The Normans make great cider and wonderful cheese and have accomplished countless amazing things throughout history, but, on D-Day the sacrifice belonged to us, to the Brits, to the Canadians and even the to the French paratroopers who jumped in shortly before midnight on the 5th.

Sacrifice

Over the course of these two days this past June, I had the great honor of meeting and thanking our veterans—“the boys” as they prefer to be called. Two of the men I met had landed in the first wave literally 100 yards away from each other and had never met before. They started recalling similar events—particularly large explosions, pauses in the shooting—“like everyone on both sides just took a deep breath”-- and the many tragedies from that day. 

As they recalled a certain LST—troop carrier--explosion, they both fell silent, turned toward the gathered crowd and made some comments about how they had lost the groups they had come here with; the tears had dried already for these men as slowly walked off toward the white crosses, but for many of us present, the tears fell.

“I was there.” One 93-year old vet looking at my “Battle of the Bulge” baseball cap said.
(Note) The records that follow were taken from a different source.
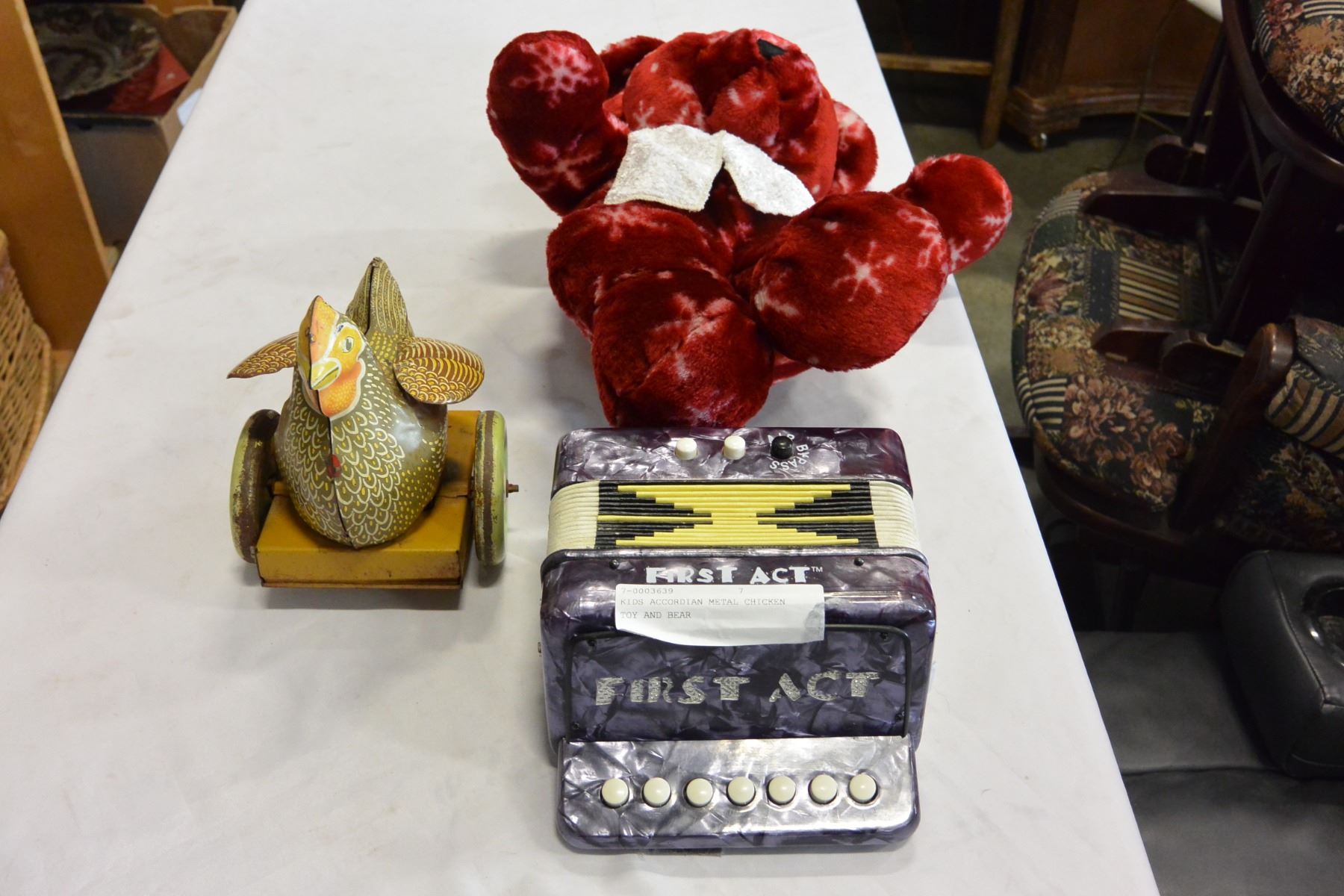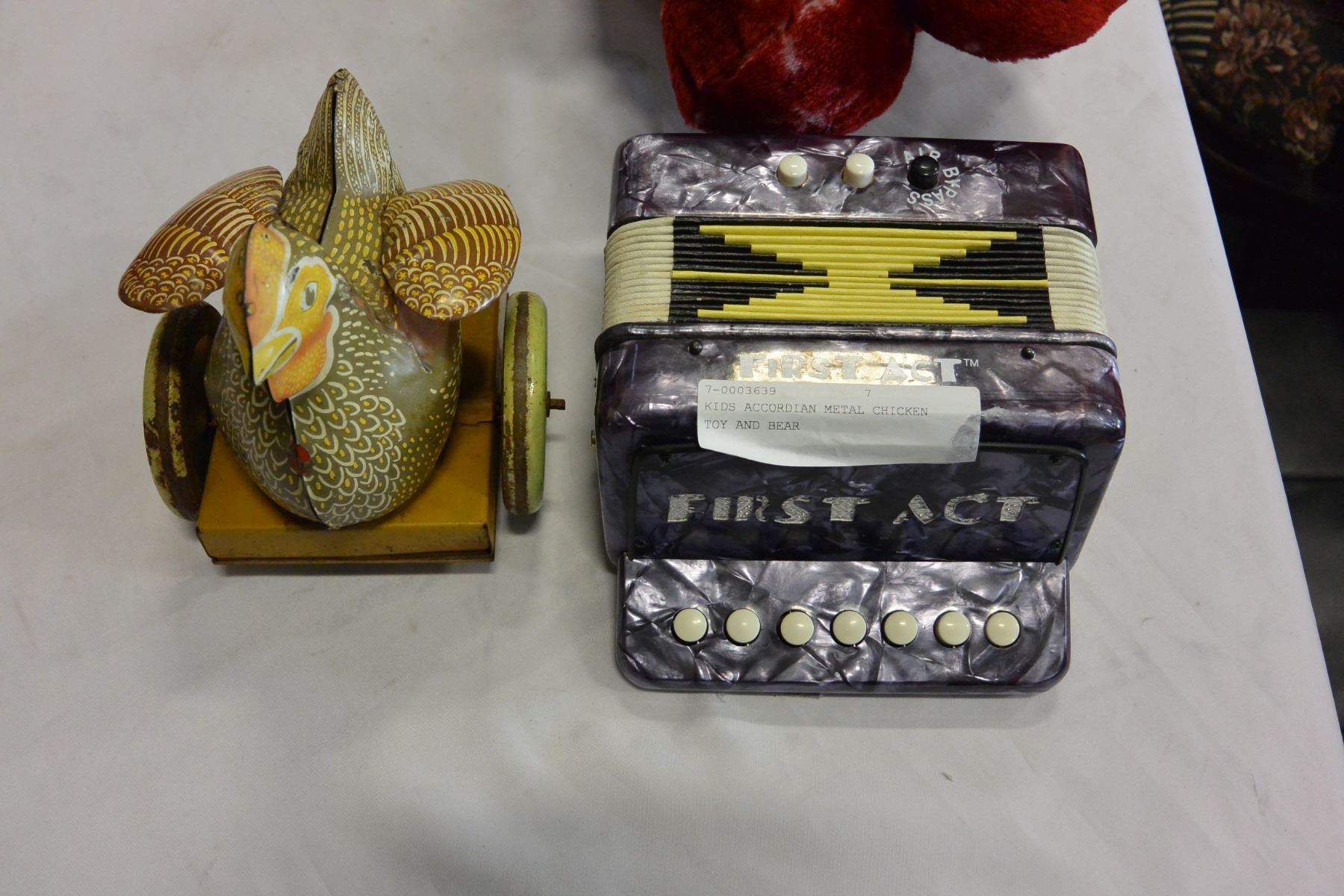 KIDS ACCORDIAN METAL CHICKEN TOY AND BEAR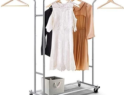 亚马逊现有AmazonBasics 双层可移动式挂衣架特卖+包邮! AmazonBasics 是亚马逊自有品牌,质量可放心 双导设计,后面高前面低,便于挂衣服 横梁可延长从50.4 69.3英寸宽; 每个轨道可容纳多达110磅; 最大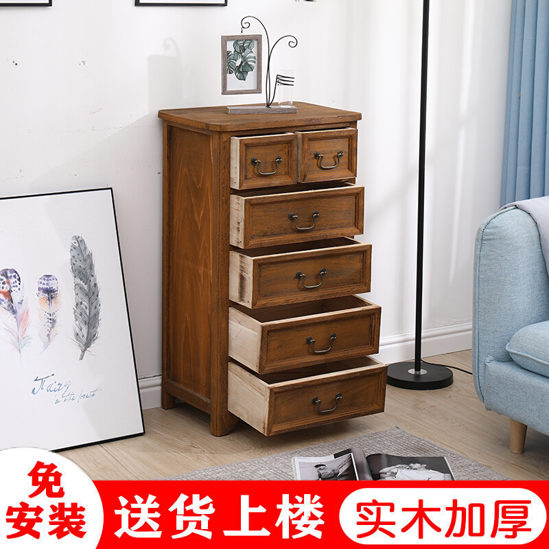 美式斗柜实木夹缝柜多层抽屉式收纳柜复古储物柜卧室床头柜边角柜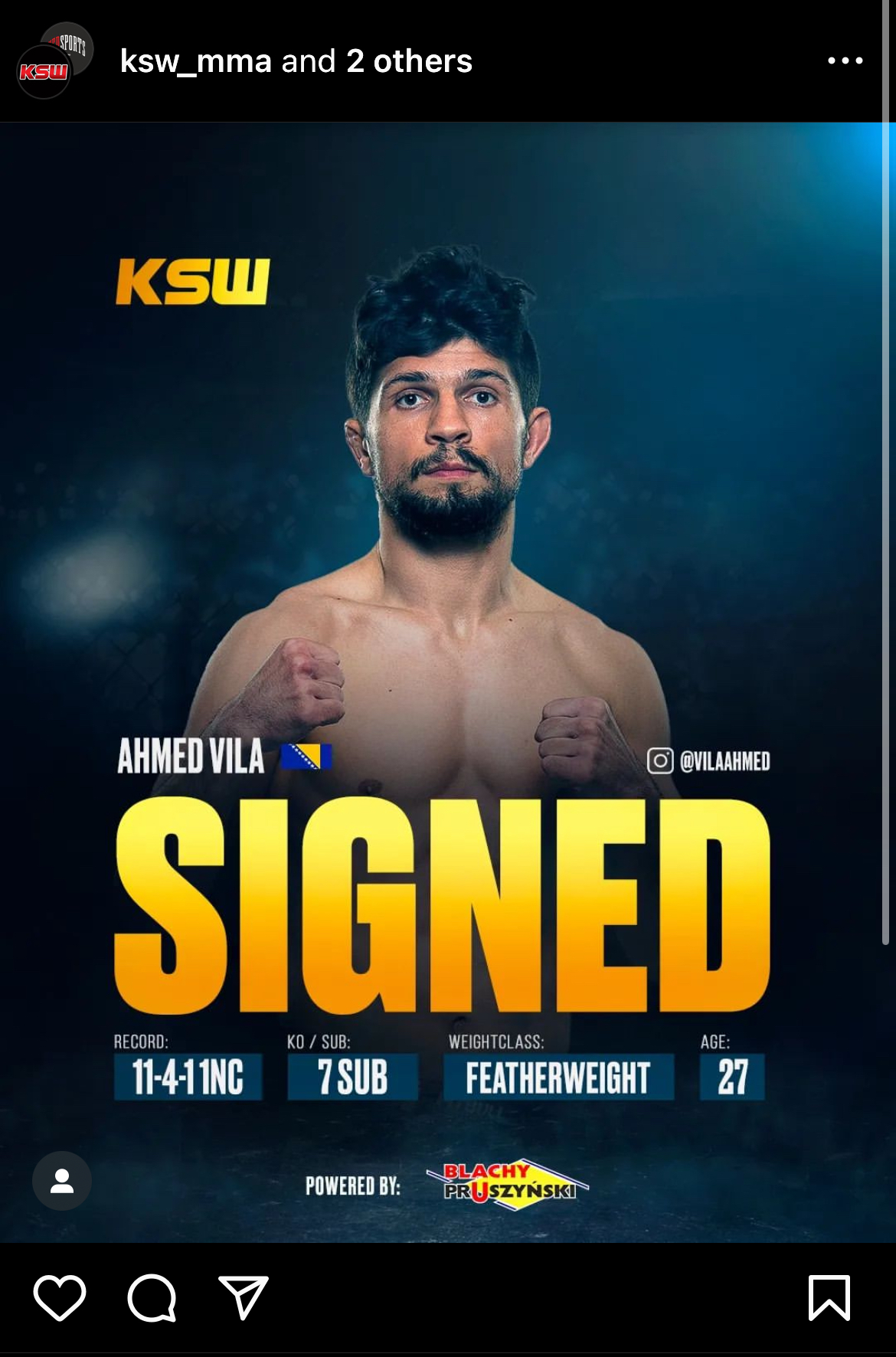 - Pozdravite našeg novog KSW borca. Jedanaest pobjeda, 7 submissiona, 7 finiša u 1. rundi, 4 pobjede u nizu, 27 godina, perolaka kategorija. Dobrodošao u KSW Ahmede - navodi se u objavi KSW-a na društvenim mrežama.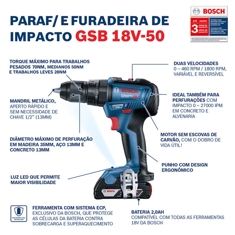 Furadeira/ Parafusadeira de Impacto à Bateria 18V GSB 18V-50 - Bosch

Reaching out my hand, I began to stumble over the words, swallowed and said “thank you for your service, sir.” A tear fell and I wondered, what else can be said to a man who landed on D-day, fought through Bastogne and ended the war in Berlin?

As I sat in my car overlooking Omaha Beach just after H-Hour, I sipped on a cider from trees that had been christened by the blood of our boys. Marveling at the distance from the water to the seawall, I wondered, are we as good a nation today as we were then? I wondered, could I have made that run across the sand under such intense fire? Would I have even tried?

The boys on those beaches, falling from the sky, rotting in the jungles of the Pacific, fought not so we could become the nation we are today; responsibility for everything shunned by all, pinned to some “deep dark moment from childhood;” gluttony now the new national pastime and like dark periods from what we had hoped were in the past, immigrants—both illegal and legal ones—being persecuted not by fanatics this time but by so-called mainstream—although somewhat radical—Americans. 

And, these policies are being veiled in “Christianity” and "patriotism." Sounds, however, just like the ideology our boys landing on these Norman shores were fighting to rid Europe of.  

The Boys fought for Different Reasons

The boys of D-Day did not fight for an intolerant America; an America where corporate interests and the wealthy are permitted to spend however much they want to get their “representatives” elected; an America that disrespects a President because he is black, has a Muslim-sounding name and tries to off-set the gains of thirty years of political abuse by the right in order to give the struggling American worker a fighting chance.

The boys of D-Day fought for truth, liberty and justice for all: not lies passed off as the truth ( WMD, no global warming, health care is socialism), imprisonment because you are poor and no justice for the same reason. They did not fight for an America that has come to so hate educated and smart people. It used to be a sign of accomplishment to have obtained a great education but today, unless your institution of higher learning is not a place linked to bible studies or great football teams, then you are considered a leftist, a “communist.”

In Normandy, I was so proud and I thought: if only every American spitting the vitriol of today’s political hysteria (the Tea Party nuts) could see this, we would be a better and freer nation still.

Tomorrow would be better than today--a very American notion, indeed.